あやかしランブル!~蒼澄カンナ伝:私の家がなんかデカい穴に呑み込まれてるんですけど……~ 作:吾輩はもぐらである
第五十七話:Yume in dreamworld #1
「カンナさんの悪夢を私に調べさせてくれませんか~~?」
ある日、カンナはユメからそのような申し出を受けた。ジュソウで窮地を救われたお礼に、夢の世界にダイブできる獏のアヤカシの異能で恩返しがしたいらしい。
「私はもう慣れっこだけど、胸糞悪い夢だからユメも気を付けてね。」
「これまで色々な人の夢に入ってきましたのでご心配なく~。」
ユメは悪夢の内容を不安視していなかった。
ユメは式神になる前は無職で各地を放浪しており、人の夢に入って精神に悪影響を与えているものを取り除いてやることで路銀を稼いでいた。結構な数の夢を診てきたが、夢の調査を依頼する人間はほぼ全員が悩みや精神的な問題を抱えており、それ相応の歪みを何度も見てきた。毎晩同じ悪夢を見るというのはさすがのユメも聞いたことがなかったがだからこそ興味深かったし、何より命の恩人であるカンナの助けになりたかった。
「では、カンナさんさえ良ければ始めましょうかー。」
「うん。お願いね。」
カンナが寝息を立てるのを確認すると、ユメも獏の人形を抱いて眠りについた――
▼▽▼▽
夢の世界へと続く扉だけがぽつんと存在する空間。ユメが扉を開くとどこかの街に出た。
(ここは?)
目の前に学校と思われる施設がある。入り口には「シジョウ公立第三高等学校」の看板。後ろを振り返ると――
(あ、シジョウ富士ですねー。)
ユメはシジョウに足を踏み入れたことはないが、シジョウ富士は有名な観光スポットなので何度か写真で見たことがある。街中からシジョウ富士が見えるということは、恐らくここはカンナの故郷であるシジョウなのだろう。

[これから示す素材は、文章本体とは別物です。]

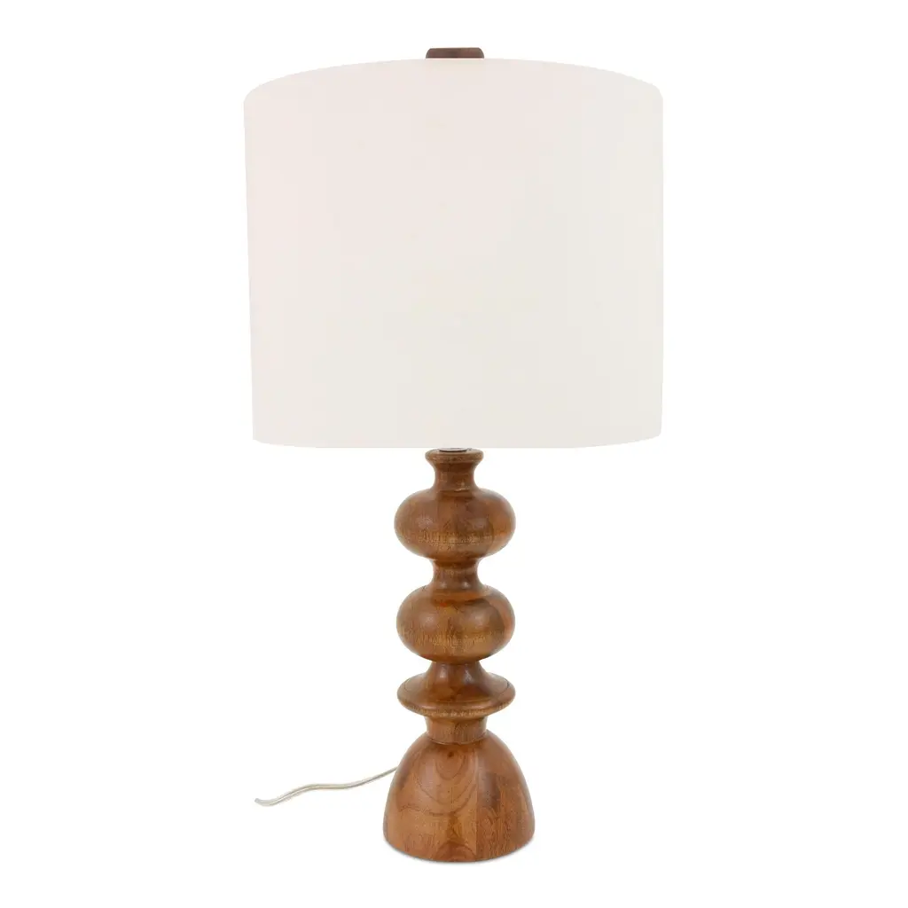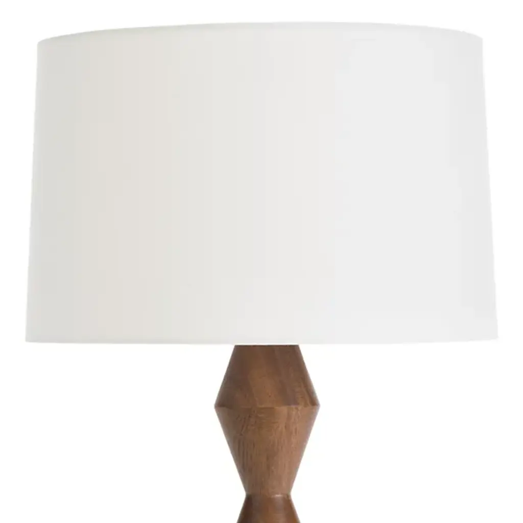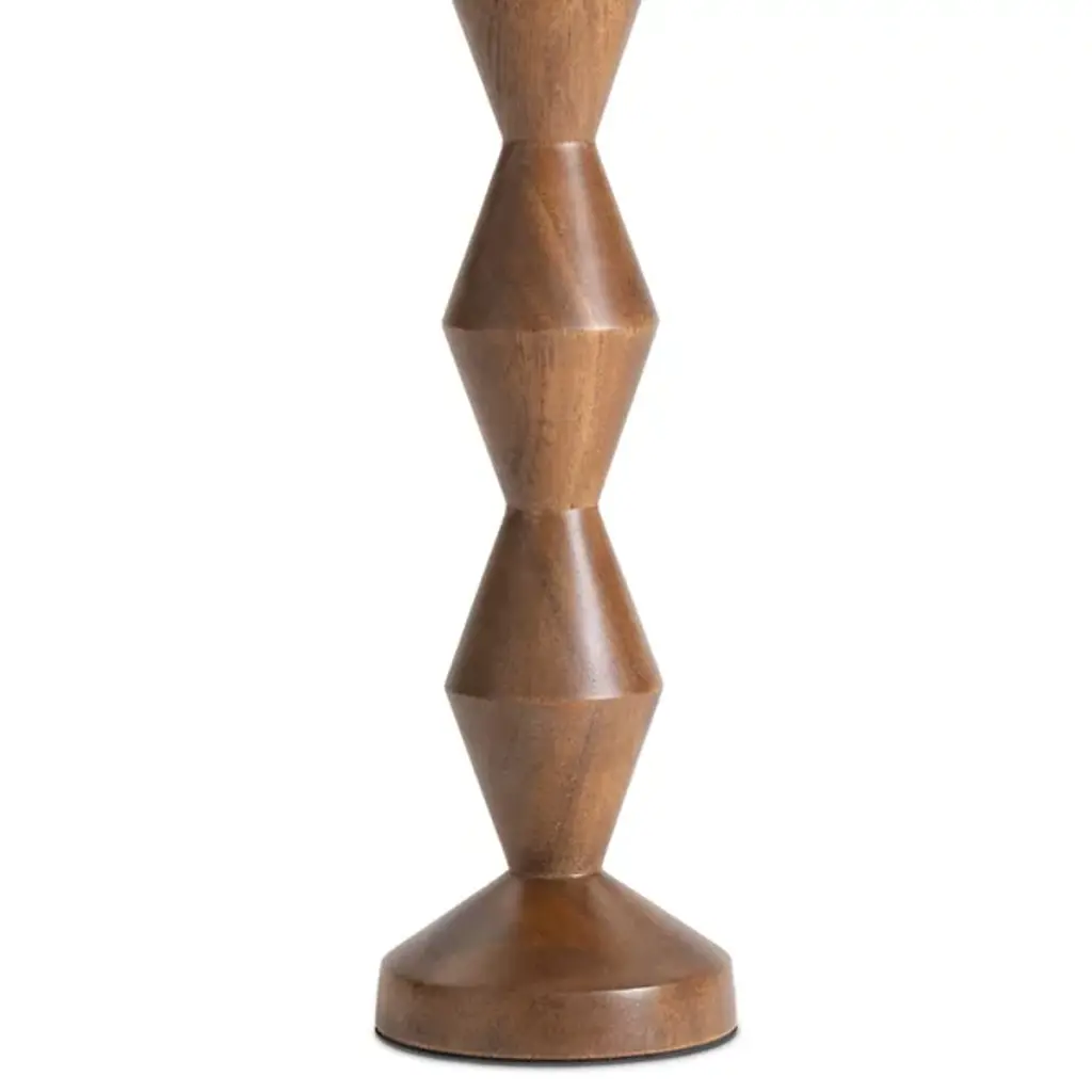 The Crew Walnut Buffet Lamp from Regina Andrew showcases mid-century modern influence with its geometric wooden base. The walnut construction features a series of angled segments, creating an engaging silhouette that draws the eye upward. This lamp balances visual interest with practical lighting and is topped with a simple linen shade. Its taller profile makes it well-suited for buffets, console tables, or any space that could benefit from illumination and a touch of sculptural design.

ユメの予想を裏付けるかのように学園から1人の女子生徒が出てくる。カンナだ。現実よりも長い髪をポニーテールにしている。
「私今日晩御飯の準備があるから帰る!みんなばいばい。」
「カンちゃんばいば~い!」
「おい蒼澄!来月のボーリング大会はちゃんと参加しろよ!」
大勢の見送りを背にカンナが学校を後にする。
(これがカンナさん……15、6歳くらいですかね?)
カンナは外見から年齢を判断しづらい。180cm近い長身と大人びた顔立ちのせいで学生服がコスプレに見えてしまう。本人も学生服が似合っていない自覚があるらしく、校門を出るとすぐに鞄から私服と思われる紺色のトレーナーを取り出して制服の上から羽織った。そしてそのまま走り出した。
「わわー。待ってください~~!」
カンナは軽いランニングをしている風だが速すぎて追いつける気がしない。獏のアヤカシは夢の世界での事象をある程度コントロールできるので、獏を召喚して背に乗りカンナの後を追わせる。
大通りに合流してシジョウ富士が見える方角へ進むと商業施設が集中する地域へたどり着く。「裾之街」という乗合馬車の停留所が見えることから、恐らくここは裾之街という地域なのだろう。カンナは食料品店に入ってさっさと買い物を済ませると、大通りを更に北に向けて走り出す。やがて三叉路に着いた。
『←青美台 ↑シジョウ数理工科大学青美台キャンパス 王隠・シジョウ富士登山口→』
看板が一瞬目に入る。カンナは左折した。
後に続くと建物がまばらになり山林地帯の雰囲気が漂い始める。ここまで結構な距離で坂道も多かったが、カンナは息一つ乱れておらず汗もほとんどかいていない。
カンナの家は三叉路を少し行った先の里山の麓にあった。
(大きな家ですねえ。)
屋敷と呼んで差し支えない大きさの二階建て。庭だけでもファミリー向けの家を建てられそうなほど広く、小さな離れと倉庫まである。カンナの雰囲気から察しはついていたが、彼女の実家はかなり裕福らしい。
「ただいまー。」
家の門を開けたカンナを茶色い毛並みの小型犬と平均的なサイズのぶち猫が駆け寄って出迎える。
「ガウガウ、リンリン、ただいま。ご飯作るからね~。」
家には誰もいない。カンナは祖父と父親と3人暮らしをしていたはずだが、恐らく仕事に出ているのだろう。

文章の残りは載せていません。